Terrorista solitário escolheu região ‘hollywoodiana’ de NY para o ataque

Marcelo Bernardes

À trabalho ou por recreação, o trecho da ciclovia à beira do Rio Hudson, que se estende dos bairros do West Village ao Distrito Financeiro de Nova York, é quase que um destino diário para minha locomoção, via uma surrada bicicleta.

Entro nesta ciclovia, pela Christopher Street, e longo ganho mais velocidade ao lado da escola de trapézio suspensa no segundo andar de um estacionamento, usada numa cena da série de TV “Sex and the City”. Foi em frente a essa famosa locação que Sayfullo Saipov, 29, natural do Uzbequistão e residente de Tampa, Flórida, entrou como um louco com uma caminhonete pick-up, alugada por US$ 19 por hora. Saipov se tornou o responsável solitário do ataque terrorista mais brutal em Nova York desde a manhã de 11 de setembro de 2001, quando aviões colidiram contra as torres gêmeas do World Trade Center. Trata-se também do primeiro ataque na cidade feito por um veículo, a exemplo de incidentes nas cidades europeias de Londres, Nice e Berlim, algo que muitos temiam que podia acontecer mais cedo ou mais tarde por aqui.

O caminho de destruição da pick-up de Saipov não poderia ter sido mais hollywoodiano. Justin Timberlake e Jennifer Lawrence moram de frente para a ciclovia, onde algumas vítimas eram reavivadas por paramédicos. A área também abriga o prédio, em construção, onde Gisele Bündchen vai morar com o marido, o jogador de futebol americano Tom Brady. O massacre só foi ter fim, dez quarteirões depois, a poucos metros do novo World Trade Center (onde ficam as redações das revistas The New Yorker e Vogue) e de frente para uma das mais famosas escolas públicas de Nova York, a Stuyvesant, por onde passaram desde o músico Thelonius Monk, o roteirista Joseph Mankiewicz (de “A Malvada”), o assessor político David Axerold (que cuidou da campanha de Barack Obama), atores de diferentes gerações como James Cagney, Ben Gazzara, Tim Robbins e Lucy Liu até, mais recentemente, celebridades como Lourdes Maria Ciccone, a filha de Madonna.

Na agradável e ensolarada tarde de terça (31), essa privilegiada área de Manhattan, onde também acontece anualmente o Festival de Cinema de TriBeCa e onde ficava o escritório do (agora) para sempre infame produtor de cinema Harvey Weinstein, parecia uma carnificina. Pelo menos oito bicicletas totalmente entortadas, pedaços de pano branco ensanguentados, terra e pedaços de plantas arrancadas de canteiros bem cuidados eram visíveis na ciclovia de mão dupla. Acesso à esses detritos de horror, somente uma equipe forense de macacão branco, protegida pela polícia de Nova York. Entre as pessoas encaminhadas para hospitais, duas morreram na mesa de operação.
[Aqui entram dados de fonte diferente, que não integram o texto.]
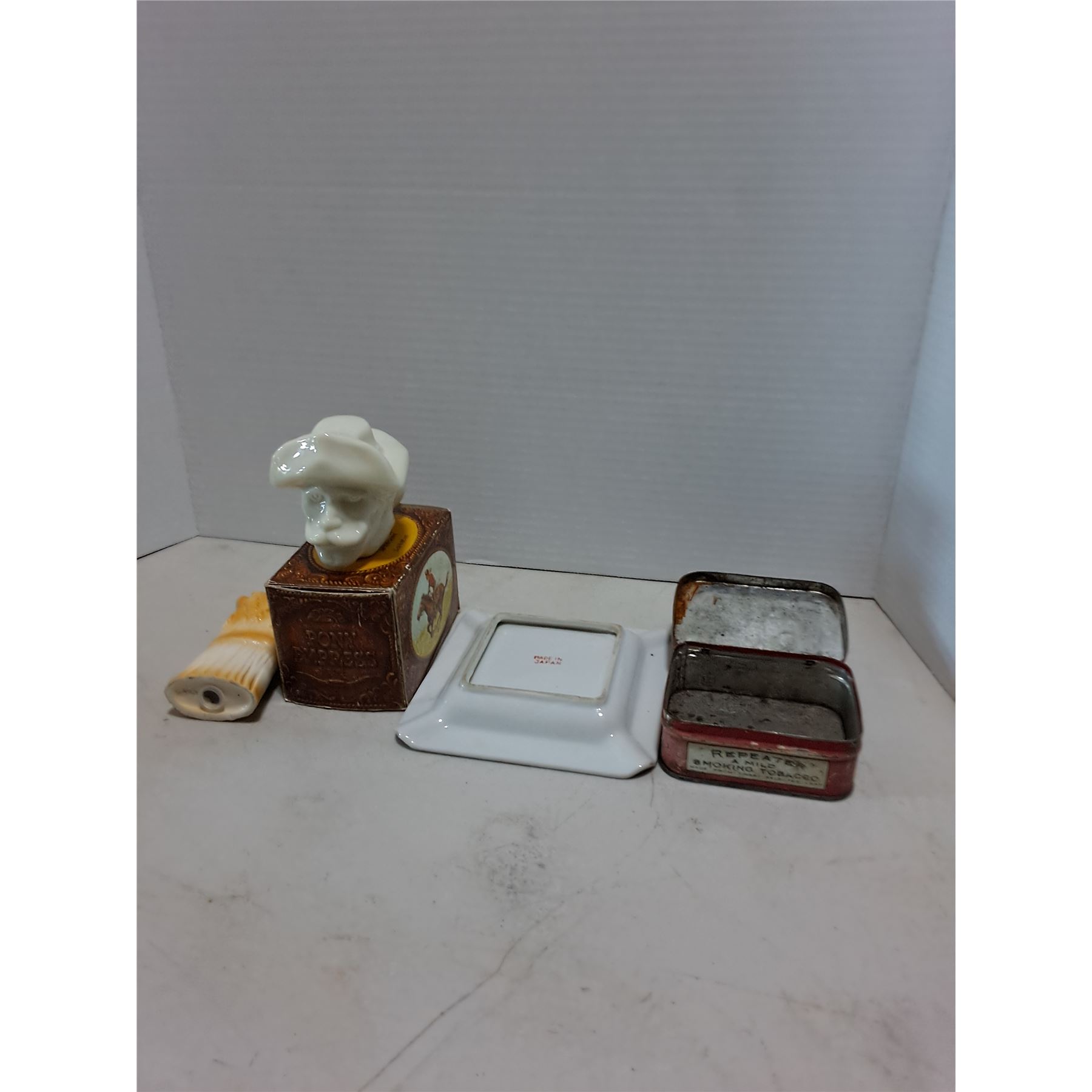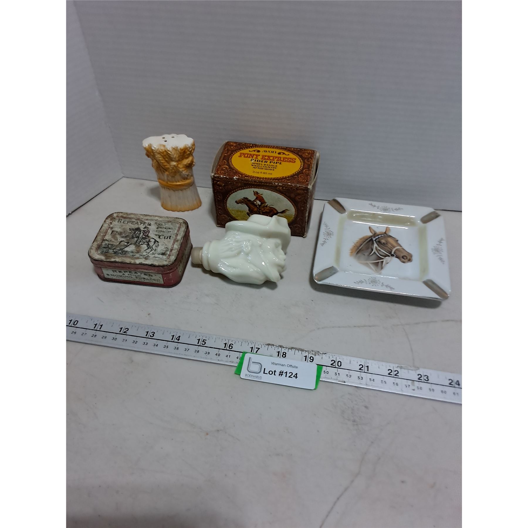 Lot 124 Old West Inspired Ornaments (Avon Bottle, Ash Tray, Tobacco Tin, Wheat Shaker)

A ciclovia se tornou um corredor-armadilha sem saída. Somente quem vinha em sentido contrário ao da caminhonete, teve chance de evitar o pior. Para quem pedalava ou corria na frente da caminhonete, as chances eram mínimas. De um lado está uma rodovia como a Marginal, em São Paulo, e no outro, um canteiro de plantas protegido por um muro. Caso acontecesse duas horas mais tarde, o ataque poderia ter sido ainda pior, uma vez que a ciclovia fica repleta de ciclistas e corredores que se exercitam após o expediente de trabalho. E essa semana, em particular, é grande o número de corredores treinando para a Maratona de Nova York, que acontece domingo (5).

Bicicletas destruídas na ciclovia do bairro de TriBeCa, ao lado do rio Hudson. (Foto: Rede ABC/Reprodução)

O ataque terrorista aconteceu também poucas horas antes do início de um dos maiores eventos populares de Nova York e um dos mais famosos dos Estados Unidos: a parada de Halloween do Greenwich Village, que é televisionada ao vivo. O prefeito de Nova York, Bill de Blasio, disse que a parada prossegue normalmente. “O resultado é que os novaiorquinos devem prosseguir com seus compromissos e não serem desencorajados de sair à rua”, disse de Blasio, que compareceu à parada em companhia de seu desafeto, o governador do estado Andrew Cuomo (ambos são do Partido Democrata).

Milhares de pessoas celebram no momento a parada de Halloween. E elas têm uma sinfonia diferente: o barulho de quase uma dezena de helicópteros que sobrevoam o local do atentado e também o bairro do Village, onde fica a maior concentração dos foliões fantasiados. Próxima preocupação: a segurança para a Maratona de Nova York no domingo (5).